**TASK TO CARRY OUT:** Copy all of the records word for word.

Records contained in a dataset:
------------------------------------
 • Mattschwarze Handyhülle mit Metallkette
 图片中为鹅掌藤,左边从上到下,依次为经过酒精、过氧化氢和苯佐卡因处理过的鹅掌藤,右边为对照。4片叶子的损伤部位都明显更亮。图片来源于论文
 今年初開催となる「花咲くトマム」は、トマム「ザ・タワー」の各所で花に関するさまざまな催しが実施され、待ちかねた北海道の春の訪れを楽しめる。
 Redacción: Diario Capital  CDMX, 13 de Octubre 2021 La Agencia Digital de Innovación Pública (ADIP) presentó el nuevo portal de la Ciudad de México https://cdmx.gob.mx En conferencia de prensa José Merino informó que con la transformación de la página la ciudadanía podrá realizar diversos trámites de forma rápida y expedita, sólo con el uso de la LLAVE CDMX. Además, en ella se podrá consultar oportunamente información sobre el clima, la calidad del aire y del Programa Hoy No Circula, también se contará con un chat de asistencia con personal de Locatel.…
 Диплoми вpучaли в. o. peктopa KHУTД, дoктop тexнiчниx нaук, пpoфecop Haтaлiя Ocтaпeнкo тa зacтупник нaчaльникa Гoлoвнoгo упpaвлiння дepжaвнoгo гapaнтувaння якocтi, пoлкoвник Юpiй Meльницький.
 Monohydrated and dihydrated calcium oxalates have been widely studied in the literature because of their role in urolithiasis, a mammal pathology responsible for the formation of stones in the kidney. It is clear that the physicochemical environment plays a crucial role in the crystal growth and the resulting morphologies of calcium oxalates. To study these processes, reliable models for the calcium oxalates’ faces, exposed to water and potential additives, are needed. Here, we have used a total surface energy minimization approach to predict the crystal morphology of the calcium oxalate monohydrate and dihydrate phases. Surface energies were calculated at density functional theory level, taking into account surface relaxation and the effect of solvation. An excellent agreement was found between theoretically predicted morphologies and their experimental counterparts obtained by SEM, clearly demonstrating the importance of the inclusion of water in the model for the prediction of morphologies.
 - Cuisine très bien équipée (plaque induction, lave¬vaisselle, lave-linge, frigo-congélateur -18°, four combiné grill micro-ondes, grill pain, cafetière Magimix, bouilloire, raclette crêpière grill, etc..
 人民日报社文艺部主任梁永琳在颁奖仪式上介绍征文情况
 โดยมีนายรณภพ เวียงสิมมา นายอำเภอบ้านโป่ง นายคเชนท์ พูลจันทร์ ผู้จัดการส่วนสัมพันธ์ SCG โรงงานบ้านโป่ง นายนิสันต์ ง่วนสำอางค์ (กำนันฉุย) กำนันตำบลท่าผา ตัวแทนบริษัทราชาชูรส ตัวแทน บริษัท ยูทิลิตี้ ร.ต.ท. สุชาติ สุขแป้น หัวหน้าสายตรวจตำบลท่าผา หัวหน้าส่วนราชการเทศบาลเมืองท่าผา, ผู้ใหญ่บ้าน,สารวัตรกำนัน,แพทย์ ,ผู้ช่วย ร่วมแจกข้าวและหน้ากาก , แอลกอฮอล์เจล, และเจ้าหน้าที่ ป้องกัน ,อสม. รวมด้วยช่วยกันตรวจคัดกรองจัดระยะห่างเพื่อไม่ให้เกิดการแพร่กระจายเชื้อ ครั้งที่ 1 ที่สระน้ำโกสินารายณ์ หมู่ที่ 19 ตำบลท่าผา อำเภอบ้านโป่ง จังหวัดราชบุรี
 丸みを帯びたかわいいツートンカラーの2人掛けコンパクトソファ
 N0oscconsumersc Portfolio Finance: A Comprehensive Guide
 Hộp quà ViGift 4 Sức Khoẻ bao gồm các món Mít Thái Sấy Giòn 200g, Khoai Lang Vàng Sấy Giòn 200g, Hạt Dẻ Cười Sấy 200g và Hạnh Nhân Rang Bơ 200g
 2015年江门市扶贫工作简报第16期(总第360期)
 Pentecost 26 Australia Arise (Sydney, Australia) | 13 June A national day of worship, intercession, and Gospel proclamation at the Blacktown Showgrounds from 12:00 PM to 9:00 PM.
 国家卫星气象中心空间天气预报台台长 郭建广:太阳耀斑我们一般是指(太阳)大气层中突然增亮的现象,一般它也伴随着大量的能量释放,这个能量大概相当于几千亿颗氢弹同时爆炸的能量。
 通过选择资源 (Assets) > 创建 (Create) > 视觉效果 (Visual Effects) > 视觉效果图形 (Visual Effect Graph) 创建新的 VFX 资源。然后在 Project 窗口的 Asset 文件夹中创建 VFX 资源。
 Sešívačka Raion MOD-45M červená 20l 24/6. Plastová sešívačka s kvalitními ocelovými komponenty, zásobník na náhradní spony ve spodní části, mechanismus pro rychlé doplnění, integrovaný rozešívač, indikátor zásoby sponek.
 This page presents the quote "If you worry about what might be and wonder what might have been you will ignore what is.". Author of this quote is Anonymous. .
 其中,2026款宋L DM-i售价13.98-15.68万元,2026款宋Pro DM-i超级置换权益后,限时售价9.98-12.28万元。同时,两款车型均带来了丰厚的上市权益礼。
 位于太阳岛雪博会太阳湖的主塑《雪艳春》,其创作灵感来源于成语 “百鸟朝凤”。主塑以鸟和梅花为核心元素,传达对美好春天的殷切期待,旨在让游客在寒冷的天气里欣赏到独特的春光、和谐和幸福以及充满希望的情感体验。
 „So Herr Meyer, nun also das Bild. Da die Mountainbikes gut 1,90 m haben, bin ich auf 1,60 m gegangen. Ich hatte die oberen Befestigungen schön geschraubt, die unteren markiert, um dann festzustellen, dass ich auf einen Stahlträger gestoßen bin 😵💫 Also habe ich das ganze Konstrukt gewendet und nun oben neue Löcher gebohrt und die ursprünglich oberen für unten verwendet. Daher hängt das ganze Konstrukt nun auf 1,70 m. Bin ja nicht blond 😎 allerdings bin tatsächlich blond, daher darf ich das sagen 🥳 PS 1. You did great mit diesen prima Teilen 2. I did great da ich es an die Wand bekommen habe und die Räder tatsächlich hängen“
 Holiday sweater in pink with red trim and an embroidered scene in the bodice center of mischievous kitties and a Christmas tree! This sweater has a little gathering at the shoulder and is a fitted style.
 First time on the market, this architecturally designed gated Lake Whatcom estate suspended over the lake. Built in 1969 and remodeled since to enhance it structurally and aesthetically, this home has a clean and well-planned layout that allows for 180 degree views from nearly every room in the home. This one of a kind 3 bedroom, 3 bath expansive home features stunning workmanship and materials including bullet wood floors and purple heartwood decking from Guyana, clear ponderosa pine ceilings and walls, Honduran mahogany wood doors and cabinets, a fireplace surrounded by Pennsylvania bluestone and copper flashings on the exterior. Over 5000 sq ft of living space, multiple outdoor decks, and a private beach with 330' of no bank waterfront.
------------------------------------
**RESULT BELOW:**
 • Mattschwarze Handyhülle mit Metallkette
 图片中为鹅掌藤,左边从上到下,依次为经过酒精、过氧化氢和苯佐卡因处理过的鹅掌藤,右边为对照。4片叶子的损伤部位都明显更亮。图片来源于论文
 今年初開催となる「花咲くトマム」は、トマム「ザ・タワー」の各所で花に関するさまざまな催しが実施され、待ちかねた北海道の春の訪れを楽しめる。
 Redacción: Diario Capital  CDMX, 13 de Octubre 2021 La Agencia Digital de Innovación Pública (ADIP) presentó el nuevo portal de la Ciudad de México https://cdmx.gob.mx En conferencia de prensa José Merino informó que con la transformación de la página la ciudadanía podrá realizar diversos trámites de forma rápida y expedita, sólo con el uso de la LLAVE CDMX. Además, en ella se podrá consultar oportunamente información sobre el clima, la calidad del aire y del Programa Hoy No Circula, también se contará con un chat de asistencia con personal de Locatel.…
 Диплoми вpучaли в. o. peктopa KHУTД, дoктop тexнiчниx нaук, пpoфecop Haтaлiя Ocтaпeнкo тa зacтупник нaчaльникa Гoлoвнoгo упpaвлiння дepжaвнoгo гapaнтувaння якocтi, пoлкoвник Юpiй Meльницький.
 Monohydrated and dihydrated calcium oxalates have been widely studied in the literature because of their role in urolithiasis, a mammal pathology responsible for the formation of stones in the kidney. It is clear that the physicochemical environment plays a crucial role in the crystal growth and the resulting morphologies of calcium oxalates. To study these processes, reliable models for the calcium oxalates’ faces, exposed to water and potential additives, are needed. Here, we have used a total surface energy minimization approach to predict the crystal morphology of the calcium oxalate monohydrate and dihydrate phases. Surface energies were calculated at density functional theory level, taking into account surface relaxation and the effect of solvation. An excellent agreement was found between theoretically predicted morphologies and their experimental counterparts obtained by SEM, clearly demonstrating the importance of the inclusion of water in the model for the prediction of morphologies.
 - Cuisine très bien équipée (plaque induction, lave¬vaisselle, lave-linge, frigo-congélateur -18°, four combiné grill micro-ondes, grill pain, cafetière Magimix, bouilloire, raclette crêpière grill, etc..
 人民日报社文艺部主任梁永琳在颁奖仪式上介绍征文情况
 โดยมีนายรณภพ เวียงสิมมา นายอำเภอบ้านโป่ง นายคเชนท์ พูลจันทร์ ผู้จัดการส่วนสัมพันธ์ SCG โรงงานบ้านโป่ง นายนิสันต์ ง่วนสำอางค์ (กำนันฉุย) กำนันตำบลท่าผา ตัวแทนบริษัทราชาชูรส ตัวแทน บริษัท ยูทิลิตี้ ร.ต.ท. สุชาติ สุขแป้น หัวหน้าสายตรวจตำบลท่าผา หัวหน้าส่วนราชการเทศบาลเมืองท่าผา, ผู้ใหญ่บ้าน,สารวัตรกำนัน,แพทย์ ,ผู้ช่วย ร่วมแจกข้าวและหน้ากาก , แอลกอฮอล์เจล, และเจ้าหน้าที่ ป้องกัน ,อสม. รวมด้วยช่วยกันตรวจคัดกรองจัดระยะห่างเพื่อไม่ให้เกิดการแพร่กระจายเชื้อ ครั้งที่ 1 ที่สระน้ำโกสินารายณ์ หมู่ที่ 19 ตำบลท่าผา อำเภอบ้านโป่ง จังหวัดราชบุรี
 丸みを帯びたかわいいツートンカラーの2人掛けコンパクトソファ
 N0oscconsumersc Portfolio Finance: A Comprehensive Guide
 Hộp quà ViGift 4 Sức Khoẻ bao gồm các món Mít Thái Sấy Giòn 200g, Khoai Lang Vàng Sấy Giòn 200g, Hạt Dẻ Cười Sấy 200g và Hạnh Nhân Rang Bơ 200g
 2015年江门市扶贫工作简报第16期(总第360期)
 Pentecost 26 Australia Arise (Sydney, Australia) | 13 June A national day of worship, intercession, and Gospel proclamation at the Blacktown Showgrounds from 12:00 PM to 9:00 PM.
 国家卫星气象中心空间天气预报台台长 郭建广:太阳耀斑我们一般是指(太阳)大气层中突然增亮的现象,一般它也伴随着大量的能量释放,这个能量大概相当于几千亿颗氢弹同时爆炸的能量。
 通过选择资源 (Assets) > 创建 (Create) > 视觉效果 (Visual Effects) > 视觉效果图形 (Visual Effect Graph) 创建新的 VFX 资源。然后在 Project 窗口的 Asset 文件夹中创建 VFX 资源。
 Sešívačka Raion MOD-45M červená 20l 24/6. Plastová sešívačka s kvalitními ocelovými komponenty, zásobník na náhradní spony ve spodní části, mechanismus pro rychlé doplnění, integrovaný rozešívač, indikátor zásoby sponek.
 This page presents the quote "If you worry about what might be and wonder what might have been you will ignore what is.". Author of this quote is Anonymous. .
 其中,2026款宋L DM-i售价13.98-15.68万元,2026款宋Pro DM-i超级置换权益后,限时售价9.98-12.28万元。同时,两款车型均带来了丰厚的上市权益礼。
 位于太阳岛雪博会太阳湖的主塑《雪艳春》,其创作灵感来源于成语 “百鸟朝凤”。主塑以鸟和梅花为核心元素,传达对美好春天的殷切期待,旨在让游客在寒冷的天气里欣赏到独特的春光、和谐和幸福以及充满希望的情感体验。
 „So Herr Meyer, nun also das Bild. Da die Mountainbikes gut 1,90 m haben, bin ich auf 1,60 m gegangen. Ich hatte die oberen Befestigungen schön geschraubt, die unteren markiert, um dann festzustellen, dass ich auf einen Stahlträger gestoßen bin 😵💫 Also habe ich das ganze Konstrukt gewendet und nun oben neue Löcher gebohrt und die ursprünglich oberen für unten verwendet. Daher hängt das ganze Konstrukt nun auf 1,70 m. Bin ja nicht blond 😎 allerdings bin tatsächlich blond, daher darf ich das sagen 🥳 PS 1. You did great mit diesen prima Teilen 2. I did great da ich es an die Wand bekommen habe und die Räder tatsächlich hängen“
 Holiday sweater in pink with red trim and an embroidered scene in the bodice center of mischievous kitties and a Christmas tree! This sweater has a little gathering at the shoulder and is a fitted style.
 First time on the market, this architecturally designed gated Lake Whatcom estate suspended over the lake. Built in 1969 and remodeled since to enhance it structurally and aesthetically, this home has a clean and well-planned layout that allows for 180 degree views from nearly every room in the home. This one of a kind 3 bedroom, 3 bath expansive home features stunning workmanship and materials including bullet wood floors and purple heartwood decking from Guyana, clear ponderosa pine ceilings and walls, Honduran mahogany wood doors and cabinets, a fireplace surrounded by Pennsylvania bluestone and copper flashings on the exterior. Over 5000 sq ft of living space, multiple outdoor decks, and a private beach with 330' of no bank waterfront.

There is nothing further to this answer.